Post Mon, Sep 14 2009, 11:54 am
amother wrote:
the issue is that there is sometimes tension between certain groups, like MO and Yeshivish. Where a MO person might think that the yeshivish person thinks they're practically a [gentile] because they don't cover their hair fully, etc., even when it isn't actually the case.


I agree completely that the etiquette issue is a result of tensions between various groups. Here's what has never made sense to me, though: let's say you are MO; you have your yeshivas, rabbonim, poskim, etc. You ask your shailos to them and abide by their decisions.

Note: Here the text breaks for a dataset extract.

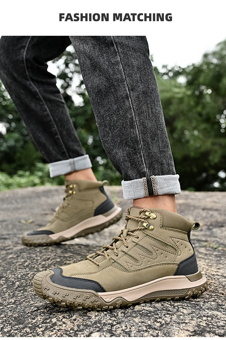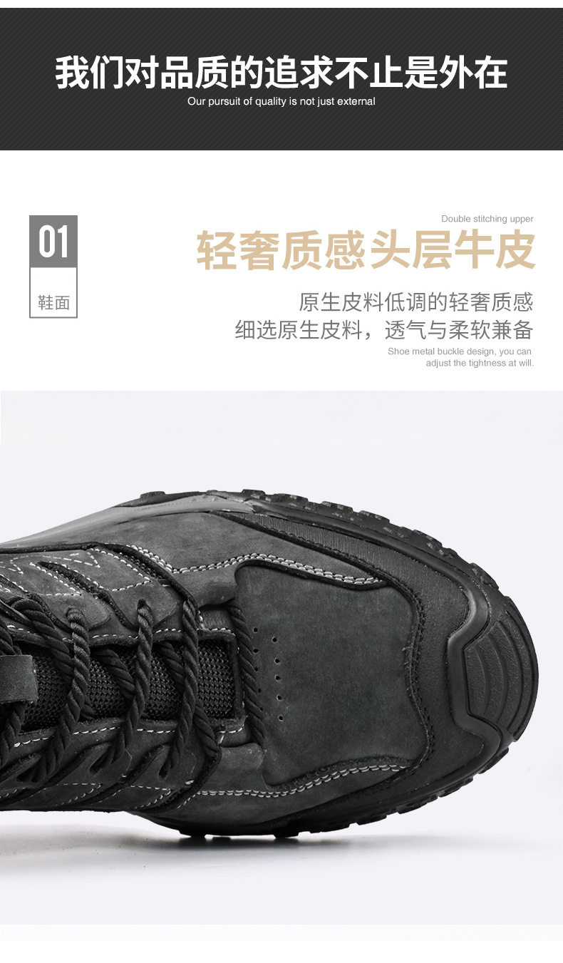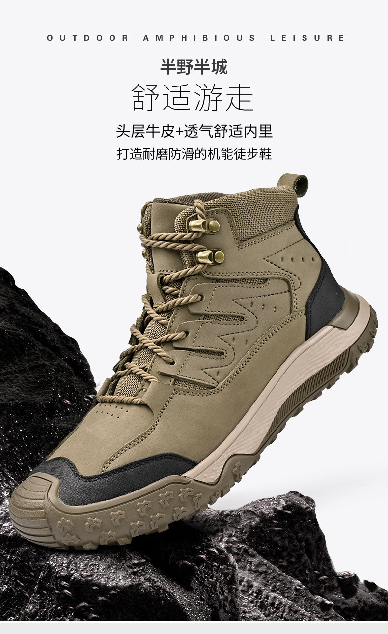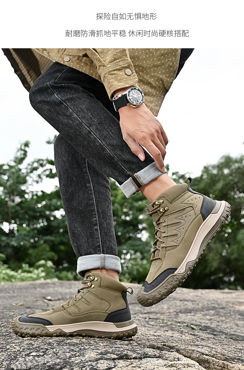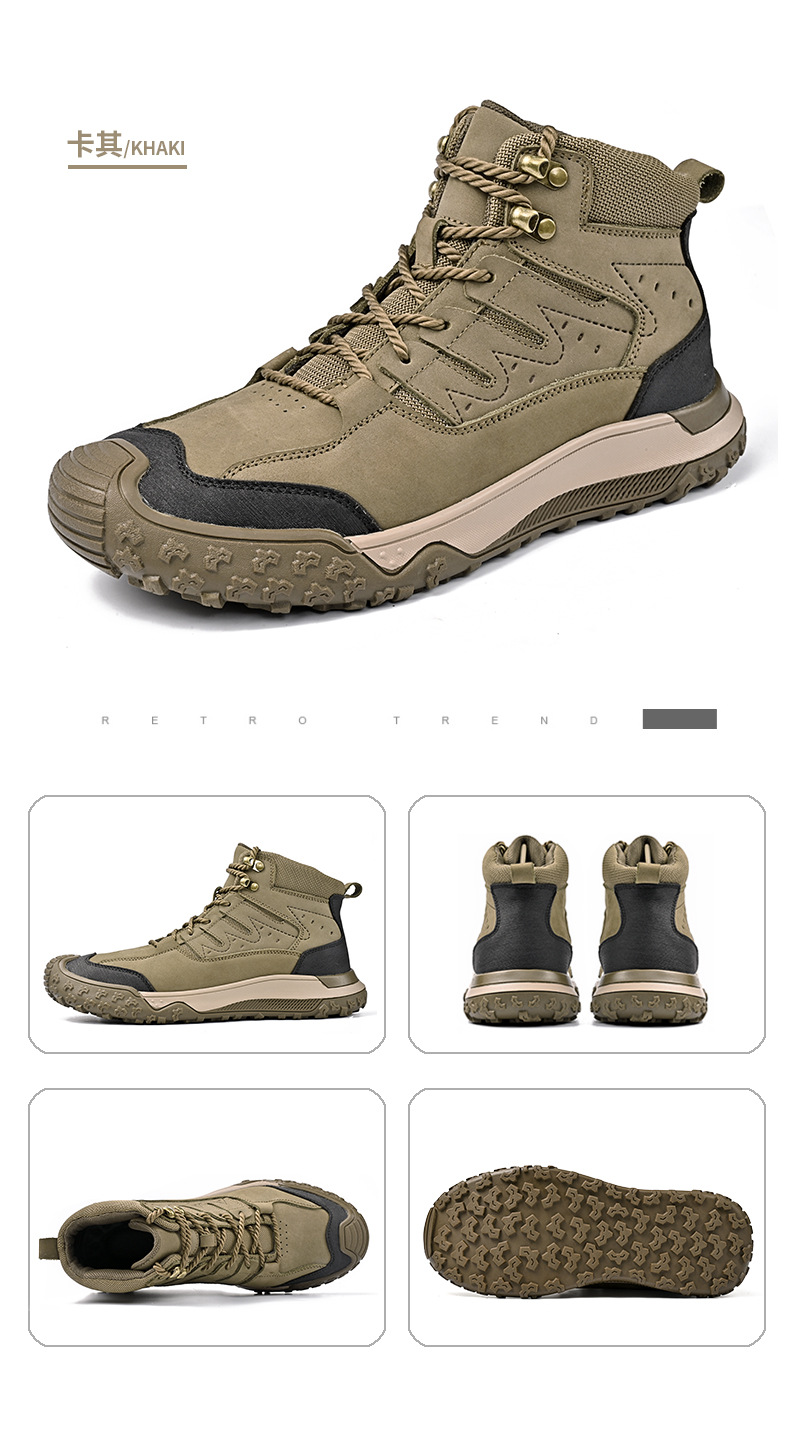 대외 무역 수출 남성용 야외 하이킹 신발, 하이탑 하이킹 신발, 가을 겨울 벨벳 코튼 남성용 신발, 1층 소가죽 레이스 업, 내마모성스토어 가기

Some of those decisions may be different from similar decisions reached by the poskim of other groups. But if you are genuine in your attempt to follow your mesorah, it shouldn't be upsetting in any way to learn that other poskim have ruled differently about a specific issue. And obviously, as a guest, you would respect the practices of your hosts.

Of course, there will be loonies who may insult your derech or treat you differently because of it, but again, if you are genuinely following your mesorah, you won't be defensive -- you'll just chalk it up to bad middos and move on.

I seem to have encountered a lot of people who are constantly on the defensive against people whom they perceive to be "frummer" than they. Sometimes it's a Yeshivish/MO conflict; sometimes it's a Chassidish/Yeshivish conflict; occasionally it's a Sephardi/Ashkenazic conflict. But the best way to foster respect for your own derech is to simply follow it, explaining to anyone who asks that your rav/posek has made thus-and-such decision, and that's what you follow. No pitting posek against posek; no arguing source against source -- let the poskim and gedolim hash it out in the beis medrash!

In general, people will come to respect you if you are consistent and calmly methodical in your practices, even if they disagree with your derech. Would a Sephardi guest at my home during Pesach be "offended" if I didn't offer him rice? I very much doubt it. He would realize that his poskim allow rice, but mine do not. Nothing personal! If rice during Pesach is so important to him, he can stay home or go to Sephardi hosts.

As other posters have said, Entropy's approach seems best. But try not to allow the surrounding cultural issues (e.g., the role of women, etc.) to intrude into your thinking. It's not our job to evaluate the credentials of various poskim or their legitimacy. And if you present it as Entropy suggested and your guest is still offended, the problem lies with her own security in her derech, not anything you've done.